All additional keyword arguments passed to `model.transcribe()` are forwarded as `**decode_options` to the `DecodingOptions` dataclass defined in [`whisper/decoding.py`](https://github.com/openai/whisper/blob/main/whisper/decoding.py) (lines 80-112). This provides low-level control over the inference strategy:

- **`beam_size`**: Number of beams for beam search (active when `temperature=0`).
- **`best_of`**: Number of candidates to sample when using non-zero temperature.
- **`patience`**: Factor that encourages longer hypotheses during beam search.
- **`length_penalty`**: Exponential penalty applied to sequence length.
- **`suppress_tokens`**: Comma-separated list of token IDs to suppress (e.g., `"50259,50260"`).

```python
result = model.transcribe(
    audio_path,
    temperature=0.0,
    beam_size=8,
    patience=1.5,
    length_penalty=0.6,
    suppress_tokens="-1,50258",
)

```

## Summary

- **Temperature scheduling**: Pass a tuple like `(0.0, 0.2, 0.4)` to automatically retry with higher sampling temperatures if quality checks fail.
- **Quality thresholds**: Adjust `compression_ratio_threshold`, `logprob_threshold`, and `no_speech_threshold` in [`whisper/transcribe.py`](https://github.com/openai/whisper/blob/main/whisper/transcribe.py) to filter repetitive or low-confidence outputs.
- **Prompt control**: Use `initial_prompt` with `carry_initial_prompt=True` to bias every window toward domain-specific vocabulary.
- **Temporal precision**: Enable `word_timestamps=True` for sub-segment alignment and use `clip_timestamps` to process specific audio intervals.
- **Decoding strategies**: Pass beam search parameters (`beam_size`, `patience`) or sampling parameters (`best_of`) via `**decode_options` to the underlying `DecodingOptions` class.

## Frequently Asked Questions

### What is the difference between temperature and beam_size in Whisper?

**`temperature`** controls the randomness of token sampling, where `0.0` is deterministic and `1.0` is highly random. **`beam_size`** activates beam search, which is only used when `temperature=0`; the source code in [`whisper/transcribe.py`](https://github.com/openai/whisper/blob/main/whisper/transcribe.py) automatically disables beam search when temperature is greater than zero to ensure compatible decoding strategies.

### How does the fallback mechanism work when multiple temperatures are provided?

When `temperature` is a tuple, `model.transcribe()` iterates through each value sequentially. For each temperature, it decodes the audio and checks the `compression_ratio_threshold`, `logprob_threshold`, and `no_speech_threshold`. If any check fails, the loop proceeds to the next temperature; the first successful decode is returned as the final result.

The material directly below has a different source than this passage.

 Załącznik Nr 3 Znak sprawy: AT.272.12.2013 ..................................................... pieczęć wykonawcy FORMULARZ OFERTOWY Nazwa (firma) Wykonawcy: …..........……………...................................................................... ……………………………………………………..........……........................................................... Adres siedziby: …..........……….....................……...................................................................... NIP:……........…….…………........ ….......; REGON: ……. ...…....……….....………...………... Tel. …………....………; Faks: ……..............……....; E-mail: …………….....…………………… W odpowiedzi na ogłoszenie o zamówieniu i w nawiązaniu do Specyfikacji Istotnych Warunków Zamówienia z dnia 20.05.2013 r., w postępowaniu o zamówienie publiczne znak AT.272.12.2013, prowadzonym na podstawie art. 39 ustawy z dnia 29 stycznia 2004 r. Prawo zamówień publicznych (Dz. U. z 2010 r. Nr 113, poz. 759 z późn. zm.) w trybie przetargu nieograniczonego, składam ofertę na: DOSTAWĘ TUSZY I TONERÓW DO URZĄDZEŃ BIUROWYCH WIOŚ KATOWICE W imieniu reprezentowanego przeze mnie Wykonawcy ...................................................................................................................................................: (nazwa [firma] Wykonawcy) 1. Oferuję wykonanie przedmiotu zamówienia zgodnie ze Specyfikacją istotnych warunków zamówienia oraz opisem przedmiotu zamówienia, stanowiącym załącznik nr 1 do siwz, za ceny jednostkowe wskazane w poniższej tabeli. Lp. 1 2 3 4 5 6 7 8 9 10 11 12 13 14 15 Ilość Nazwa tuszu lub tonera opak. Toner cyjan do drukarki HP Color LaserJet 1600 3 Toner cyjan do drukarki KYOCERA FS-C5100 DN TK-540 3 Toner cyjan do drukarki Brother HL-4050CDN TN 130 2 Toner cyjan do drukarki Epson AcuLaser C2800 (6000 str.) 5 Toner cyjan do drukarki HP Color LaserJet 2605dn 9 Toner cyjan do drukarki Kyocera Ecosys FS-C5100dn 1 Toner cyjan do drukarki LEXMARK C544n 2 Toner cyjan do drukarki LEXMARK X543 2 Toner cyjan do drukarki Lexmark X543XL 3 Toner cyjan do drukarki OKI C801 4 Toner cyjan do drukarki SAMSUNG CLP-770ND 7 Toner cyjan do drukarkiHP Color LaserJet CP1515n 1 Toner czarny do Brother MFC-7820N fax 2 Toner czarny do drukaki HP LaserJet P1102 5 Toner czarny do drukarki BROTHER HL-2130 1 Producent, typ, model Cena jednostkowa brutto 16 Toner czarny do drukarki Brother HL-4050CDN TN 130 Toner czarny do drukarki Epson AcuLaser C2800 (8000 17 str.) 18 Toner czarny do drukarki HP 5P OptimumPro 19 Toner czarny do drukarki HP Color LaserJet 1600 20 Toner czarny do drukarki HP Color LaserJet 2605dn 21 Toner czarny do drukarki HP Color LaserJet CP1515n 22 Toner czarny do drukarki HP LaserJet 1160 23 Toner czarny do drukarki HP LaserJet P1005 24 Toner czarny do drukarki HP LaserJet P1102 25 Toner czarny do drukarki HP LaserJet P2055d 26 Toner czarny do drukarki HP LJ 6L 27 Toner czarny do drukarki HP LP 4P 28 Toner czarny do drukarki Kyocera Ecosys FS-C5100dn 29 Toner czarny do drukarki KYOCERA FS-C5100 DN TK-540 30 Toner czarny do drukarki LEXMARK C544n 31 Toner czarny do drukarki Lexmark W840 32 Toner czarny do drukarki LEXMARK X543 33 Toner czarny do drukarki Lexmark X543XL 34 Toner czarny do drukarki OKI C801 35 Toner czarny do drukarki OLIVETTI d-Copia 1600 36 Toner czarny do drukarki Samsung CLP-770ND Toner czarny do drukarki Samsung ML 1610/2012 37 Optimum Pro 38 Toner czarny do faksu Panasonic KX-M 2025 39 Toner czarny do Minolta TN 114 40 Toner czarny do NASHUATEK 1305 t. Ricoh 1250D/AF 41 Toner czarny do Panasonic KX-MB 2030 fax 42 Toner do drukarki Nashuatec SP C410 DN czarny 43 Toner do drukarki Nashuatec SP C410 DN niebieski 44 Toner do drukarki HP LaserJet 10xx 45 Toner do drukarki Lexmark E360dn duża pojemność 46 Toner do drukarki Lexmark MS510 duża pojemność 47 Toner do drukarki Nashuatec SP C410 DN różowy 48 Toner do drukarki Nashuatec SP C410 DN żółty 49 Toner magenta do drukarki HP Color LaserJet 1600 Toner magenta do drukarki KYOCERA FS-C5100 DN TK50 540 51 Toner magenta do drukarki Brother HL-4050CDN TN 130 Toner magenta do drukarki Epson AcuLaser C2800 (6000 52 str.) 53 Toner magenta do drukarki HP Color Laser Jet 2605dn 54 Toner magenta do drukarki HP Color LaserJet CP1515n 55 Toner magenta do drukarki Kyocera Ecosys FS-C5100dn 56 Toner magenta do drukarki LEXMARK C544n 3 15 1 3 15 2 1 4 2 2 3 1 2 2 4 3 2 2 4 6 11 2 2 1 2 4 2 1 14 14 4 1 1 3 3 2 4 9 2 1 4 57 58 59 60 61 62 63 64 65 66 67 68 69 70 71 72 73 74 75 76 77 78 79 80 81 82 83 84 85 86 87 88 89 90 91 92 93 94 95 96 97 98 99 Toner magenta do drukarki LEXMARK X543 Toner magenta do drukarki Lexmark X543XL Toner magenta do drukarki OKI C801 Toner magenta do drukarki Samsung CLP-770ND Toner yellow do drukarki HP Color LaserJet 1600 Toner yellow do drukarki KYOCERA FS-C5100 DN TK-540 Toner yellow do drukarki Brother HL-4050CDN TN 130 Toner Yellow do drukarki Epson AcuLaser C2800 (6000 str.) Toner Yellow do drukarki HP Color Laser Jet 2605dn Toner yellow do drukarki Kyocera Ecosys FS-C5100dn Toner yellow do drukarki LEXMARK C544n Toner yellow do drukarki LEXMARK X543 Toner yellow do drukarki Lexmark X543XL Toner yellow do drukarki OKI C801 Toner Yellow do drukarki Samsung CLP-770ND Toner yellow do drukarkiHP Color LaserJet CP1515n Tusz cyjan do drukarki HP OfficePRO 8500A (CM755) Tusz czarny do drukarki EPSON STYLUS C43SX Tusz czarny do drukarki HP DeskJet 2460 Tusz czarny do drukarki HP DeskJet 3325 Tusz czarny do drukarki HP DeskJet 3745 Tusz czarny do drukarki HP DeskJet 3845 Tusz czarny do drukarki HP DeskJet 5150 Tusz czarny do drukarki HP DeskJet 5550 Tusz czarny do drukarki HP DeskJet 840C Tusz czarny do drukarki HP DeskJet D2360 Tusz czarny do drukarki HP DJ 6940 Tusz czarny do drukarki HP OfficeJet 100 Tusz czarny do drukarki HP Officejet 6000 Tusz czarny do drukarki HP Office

### Why would I disable condition_on_previous_text?

Setting `condition_on_previous_text=False` prevents the model from using prior transcription windows as context for the current window. This is useful when you want to avoid context contamination or "stuck" loops where the model repeats phrases across windows, though it may reduce coherence at segment boundaries.

### Can I use word timestamps and beam search simultaneously?

Yes, but note that `word_timestamps=True` requires post-processing in [`whisper/timing.py`](https://github.com/openai/whisper/blob/main/whisper/timing.py) regardless of the decoding strategy. However, beam search (`beam_size > 1`) is only compatible with `temperature=0`. If you specify a non-zero temperature, the implementation automatically switches to sampling mode and disables beam search.